MARTIN wondered, later, if the old woman had had her fingers crossed as she wished him a pleasant night’s sleep. Tired from his wal
k, he’d expected to sleep like a rock, but the damp, grey day had turned into an oppressive and clammy night. And the window, although wide open, seemed to let in not a breath of fresh air. In his too-soft bed, Martin tossed and turned, troubled with constant dreams in which he was running through coarse, long grass by the pale light of the moon. All color was bleached from his too-wide field of vision and his whiskers quivered at the tantalizing scents upon the air.
Whiskers? Martin barely had time to register this thought before he was distracted. There: a faint rustling to one side of him. Prey. His ears erect, senses tingling with the thrill of the hunt, Martin stilled, then leapt—and excitement turned to pain and fear as the wire closed upon him. Panicking, he struggled to break free, yowling and snarling—and woke up in a cold sweat, the sheets tangled about him. His hands were itching unbearably. Panting, his heart thumping, Martin straightened the bedclothes as best he could and lay down again to try to get some rest.
THE next day dawned brightly, as if anxious to raise Martin’s mood a little as he dragged himself out of bed and stumbled downstairs for breakfast, his legs protesting a little at the previous day’s exercise. Mrs. McPherson clucked in disapproval at the dark circles under his eyes and made him a cup of blisteringly strong tea without asking. “You’ll be having the full Scottish, now?”

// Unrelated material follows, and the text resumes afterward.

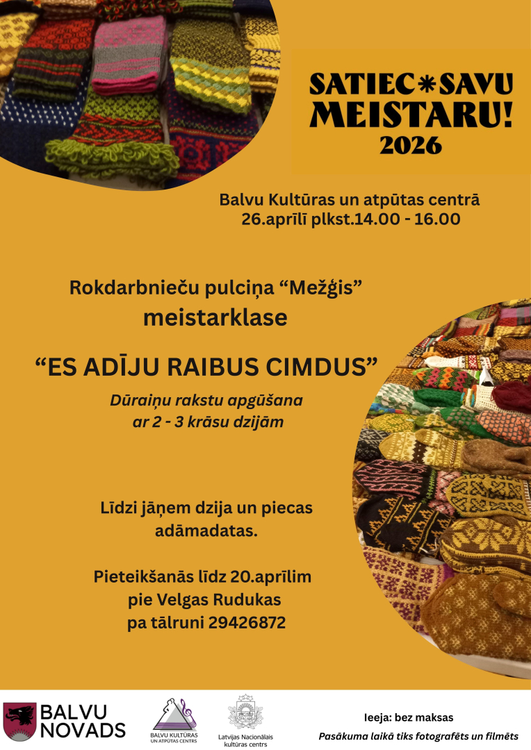 26.aprīlis 14:00-16:00 Balvu Kultūras un atpūtas centra rokdarbnieču pulciņa “Mežģis” meistarklase “Es adīju raibus cimdus” Balvos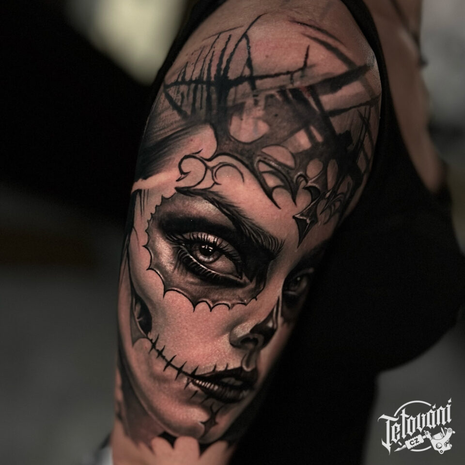 Tetování portrét ženy muerte na rameni

That wasn’t really a question, either. Martin gulped the tea down gratefully and sat down to await whatever Mrs. McPherson might consider a healthy breakfast. It wasn’t bad, as it turned out, although if he listened hard he could hear his arteries weeping softly at the prospect of so much grease. He could definitely have done without the two hefty slices of black pudding that glowered on the plate oozing fat and menacing the eggs. For a moment he considered hiding them under a slice of fried bread, but he was damned if he’d let a couple of slices of blood, grease, and sawdust beat him. Taking a deep breath and metaphorically holding his nose, he gulped them down as quickly as he could, wondering darkly whether the late Mr. McPherson had died of a heart attack.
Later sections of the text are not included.